さぁ、そろそろ実際に触って見るとしましょうかね。
「あぁぁぁぁぁ!」
「ッ!誰だ!?」
「な、何してるんだ!」
急に声を掛けられてビクッとする。
やめろよ、ぼっちは自分が話しかけられると思ってないんだから話しかけるよって言ってから話しかけろよ。
振り向いた先には、イケメンがいた。
なんだあのイケメン、死ねばいいのに。
というか、また侵入者か。
「誰だお前」
「ゆ、許せねぇ!森の中で、身動きが取れない女騎士を好き勝手してくっころするなんてけしからん!俺だって、俺だってな!いや、俺だけじゃない、世の中の男は一度くらいやりたがっている!でもやってはいけない、この背徳感が良いんじゃないか!なのに、どこの誰だかしらないが、そこのお前!実際にやるやつがあるか、女の子が嫌がることを実際にやるなんて」
「あぁぁぁん!」
「おほぉぉぉ、おっといかんいかん!話してる途中だろうが、乳首ドリルすんな!そういう犯罪チックなことをすると、世の中のエロの規制が厳しくなるんだよ!許せねぇ、お前のせいでまたロリ系が規制されるだろう。
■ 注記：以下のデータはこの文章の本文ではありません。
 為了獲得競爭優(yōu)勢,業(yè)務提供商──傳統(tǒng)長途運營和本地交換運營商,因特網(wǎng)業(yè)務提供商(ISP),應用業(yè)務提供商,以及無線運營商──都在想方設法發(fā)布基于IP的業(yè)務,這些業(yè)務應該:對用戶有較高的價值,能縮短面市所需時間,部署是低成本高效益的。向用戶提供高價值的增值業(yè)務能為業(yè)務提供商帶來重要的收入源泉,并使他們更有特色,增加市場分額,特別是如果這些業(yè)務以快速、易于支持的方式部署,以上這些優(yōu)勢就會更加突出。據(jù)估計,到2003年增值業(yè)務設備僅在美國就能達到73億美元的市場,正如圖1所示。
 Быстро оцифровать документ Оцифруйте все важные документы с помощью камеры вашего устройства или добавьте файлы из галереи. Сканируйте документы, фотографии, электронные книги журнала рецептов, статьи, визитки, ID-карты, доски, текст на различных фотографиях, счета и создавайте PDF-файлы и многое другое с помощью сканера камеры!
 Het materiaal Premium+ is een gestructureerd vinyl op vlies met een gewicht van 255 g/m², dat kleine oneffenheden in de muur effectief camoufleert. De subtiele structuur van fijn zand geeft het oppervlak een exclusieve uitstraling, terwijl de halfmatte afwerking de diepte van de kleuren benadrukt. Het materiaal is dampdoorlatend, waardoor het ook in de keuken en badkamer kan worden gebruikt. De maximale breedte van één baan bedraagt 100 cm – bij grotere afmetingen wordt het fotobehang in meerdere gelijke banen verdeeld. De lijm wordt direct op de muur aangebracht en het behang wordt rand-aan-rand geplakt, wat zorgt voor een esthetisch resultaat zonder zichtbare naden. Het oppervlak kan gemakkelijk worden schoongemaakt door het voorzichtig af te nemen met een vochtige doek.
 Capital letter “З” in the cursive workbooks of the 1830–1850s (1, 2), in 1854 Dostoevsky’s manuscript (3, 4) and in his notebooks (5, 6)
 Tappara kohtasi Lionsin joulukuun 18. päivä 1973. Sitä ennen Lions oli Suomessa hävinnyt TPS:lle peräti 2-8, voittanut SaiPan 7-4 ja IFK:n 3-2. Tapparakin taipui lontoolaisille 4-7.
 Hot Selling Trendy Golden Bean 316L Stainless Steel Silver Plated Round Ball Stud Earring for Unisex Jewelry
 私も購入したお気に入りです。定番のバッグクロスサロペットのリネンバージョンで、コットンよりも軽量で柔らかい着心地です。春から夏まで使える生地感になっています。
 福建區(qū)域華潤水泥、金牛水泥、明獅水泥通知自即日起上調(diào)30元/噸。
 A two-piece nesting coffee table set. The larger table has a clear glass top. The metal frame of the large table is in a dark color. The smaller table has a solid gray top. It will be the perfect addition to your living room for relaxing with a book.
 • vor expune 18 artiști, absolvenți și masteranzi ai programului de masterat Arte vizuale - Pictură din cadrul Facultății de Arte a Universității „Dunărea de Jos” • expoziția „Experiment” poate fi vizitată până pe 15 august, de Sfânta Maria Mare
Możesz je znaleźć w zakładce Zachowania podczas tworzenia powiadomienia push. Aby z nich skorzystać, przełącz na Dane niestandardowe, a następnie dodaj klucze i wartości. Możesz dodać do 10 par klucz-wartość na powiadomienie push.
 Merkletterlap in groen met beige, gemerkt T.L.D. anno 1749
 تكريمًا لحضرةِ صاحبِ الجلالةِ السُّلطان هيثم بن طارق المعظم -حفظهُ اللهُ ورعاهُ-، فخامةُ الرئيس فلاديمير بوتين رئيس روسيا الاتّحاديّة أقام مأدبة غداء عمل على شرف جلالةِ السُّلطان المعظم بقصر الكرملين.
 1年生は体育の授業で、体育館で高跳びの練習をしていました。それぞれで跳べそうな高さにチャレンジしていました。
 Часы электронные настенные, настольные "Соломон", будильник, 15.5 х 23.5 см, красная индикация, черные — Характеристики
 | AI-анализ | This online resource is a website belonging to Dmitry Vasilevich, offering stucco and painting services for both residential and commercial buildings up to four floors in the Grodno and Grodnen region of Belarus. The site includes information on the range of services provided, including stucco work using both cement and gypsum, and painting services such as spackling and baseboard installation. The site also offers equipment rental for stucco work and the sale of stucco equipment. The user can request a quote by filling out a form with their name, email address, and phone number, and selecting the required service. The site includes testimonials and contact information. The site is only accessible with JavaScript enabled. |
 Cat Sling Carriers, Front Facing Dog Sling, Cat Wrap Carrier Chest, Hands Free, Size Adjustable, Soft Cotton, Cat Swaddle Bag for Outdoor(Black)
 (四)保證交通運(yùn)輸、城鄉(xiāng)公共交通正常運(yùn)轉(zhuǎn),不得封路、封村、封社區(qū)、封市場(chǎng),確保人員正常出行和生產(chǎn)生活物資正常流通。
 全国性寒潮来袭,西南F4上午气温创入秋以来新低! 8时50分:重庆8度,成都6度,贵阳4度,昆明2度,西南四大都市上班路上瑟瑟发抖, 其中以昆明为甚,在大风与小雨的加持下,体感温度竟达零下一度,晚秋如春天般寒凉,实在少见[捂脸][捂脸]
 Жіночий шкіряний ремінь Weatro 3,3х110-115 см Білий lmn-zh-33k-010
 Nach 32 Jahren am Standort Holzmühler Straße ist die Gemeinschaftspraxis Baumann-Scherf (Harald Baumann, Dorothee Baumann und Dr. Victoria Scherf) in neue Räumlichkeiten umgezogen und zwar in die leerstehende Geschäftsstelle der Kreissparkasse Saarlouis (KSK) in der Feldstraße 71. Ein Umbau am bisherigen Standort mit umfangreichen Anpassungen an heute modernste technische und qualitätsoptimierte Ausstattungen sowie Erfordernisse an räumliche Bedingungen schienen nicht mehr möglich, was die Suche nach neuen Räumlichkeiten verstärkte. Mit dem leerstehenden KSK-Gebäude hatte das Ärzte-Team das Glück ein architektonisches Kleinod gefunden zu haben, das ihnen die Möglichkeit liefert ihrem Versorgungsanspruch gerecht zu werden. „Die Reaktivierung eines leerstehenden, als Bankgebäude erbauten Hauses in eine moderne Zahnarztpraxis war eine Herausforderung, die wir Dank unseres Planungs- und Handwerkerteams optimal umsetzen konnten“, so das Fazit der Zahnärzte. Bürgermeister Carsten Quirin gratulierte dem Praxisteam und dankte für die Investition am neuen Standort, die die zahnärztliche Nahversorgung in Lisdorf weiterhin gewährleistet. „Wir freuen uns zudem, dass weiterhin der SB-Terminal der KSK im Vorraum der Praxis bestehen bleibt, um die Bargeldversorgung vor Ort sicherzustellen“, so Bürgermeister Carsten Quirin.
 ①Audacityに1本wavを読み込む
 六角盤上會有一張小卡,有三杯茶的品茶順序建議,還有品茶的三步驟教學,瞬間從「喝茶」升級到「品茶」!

いいぜ、お前がそうやってエロいことをするっていうなら、俺がお前を止めてやる」
「いや、だから誰だよ君。あと、そこはお前の幻想をぶっ殺すとか言うところだろ」
イケメンの腕に赤い篭手が出現する。
俺は、コイツを知っている。
赤い篭手、まさか貴様……。
「馬鹿な、なぜ貴様がここにいる。貴様は、主人公!」
「良くわからないが、お前は敵だ!」
「おのれ主人公め、畜生めぇぇぇぇぇ!」
あとちょっとでおっぱいぷるんぷるんだったのに!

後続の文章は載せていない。